After a few hour the rain was pouring down and we were in the thick of the rocks. It seemed like no matter where we went we were forced to scrape our way over a bunch of them in order to get to the next clear spot. And the sandbars! After a few cycles of "grind to a halt, spend a while heaving and shoving along with Jeff to try to plow over the obstruction, and eventually get out and drag the canoe to the end of the sandbar," I gave up the hope of having dry feet. The boot-length galoshes I'd bought two years ago had a number of small tears in them and anyway I'd gotten water over and into them a few times. At one point, in a desperate bid to find a spot to get back into the canoe after a long stretch of me furiously pulling and Jeff furiously shoving and heaving, I dragged us over to a bit of marshy shoreline. The muck turned out to be quite excitingly deep and fetid. I swore a great deal than then accepted that my boots would be full of water and muck until we beached.
Jeff kept saying that, based on the map, we were still on schedule for reaching Motley around 4:00. I could hardly believe it because it seemed like we'd been making a snail's pace through the rocks and sand. But sure enough, just before 4:00, we saw the Route 210 bridge through the rain ahead. We got hung up briefly on a few more sandbars before we reached the boat ramp, but by then we were just laughing, because we'd done it.
We got the sopping wet gear out of the canoe and into the car, marveled at all the shiny new scrapes on the underside of the canoe as we maneuvered it out of the river and onto the roof, and covered the front seats with garbage bags so that our sopping wet selves wouldn’t leave them soaked and muck-crusted. Jeff got the heater blowing and we made for Maple Grove – by way of St. Cloud, which just happens to have a Granite City. “I love you, twenty-four-ounce mug of Two-Pull! I’ll never leave you!” … “I love you, twenty-four-ounce mug of Duke of Wellington IPA! No, really, that other mug meant nothing to me… you’re the one!” The meatloaf was also yummy and amazingly substantial. And there were, of course, waffle fries.
We got back to Jeff’s house and I sorted through our gear so that I could start washing the damp clothes. I had a pint or two of Dunkelweizen while I waited for the laundry. Then I slept the sleep of the just. Over breakfast we looked at the route maps and Crow Wing River websites, still scratching our heads over how the water level estimates seemed to differ from what we’d experienced. Jeff figured that we’d covered seventy-two miles altogether.

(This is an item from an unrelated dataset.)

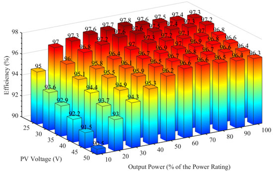 Efficiency across the full output power range at various PV voltages.

Jeff had some great suggestions for filling my last few hours in the Minneapolis area. First we went to the Marjorie McNeely Conservatory, which is attached to Como Zoo. I was fascinated with the gigantic lily pads at the entrance, the poison dart frogs and the tailless whip scorpions, the sloth, and the multitude of beautiful orchids. We went to yet another Granite City location for lunch (Thanks Jeff!) where I filled up on my now-standard two mugs of beer. This time I tried the Bleu Peppercorn Burger, which is now my favorite meal at Granite City.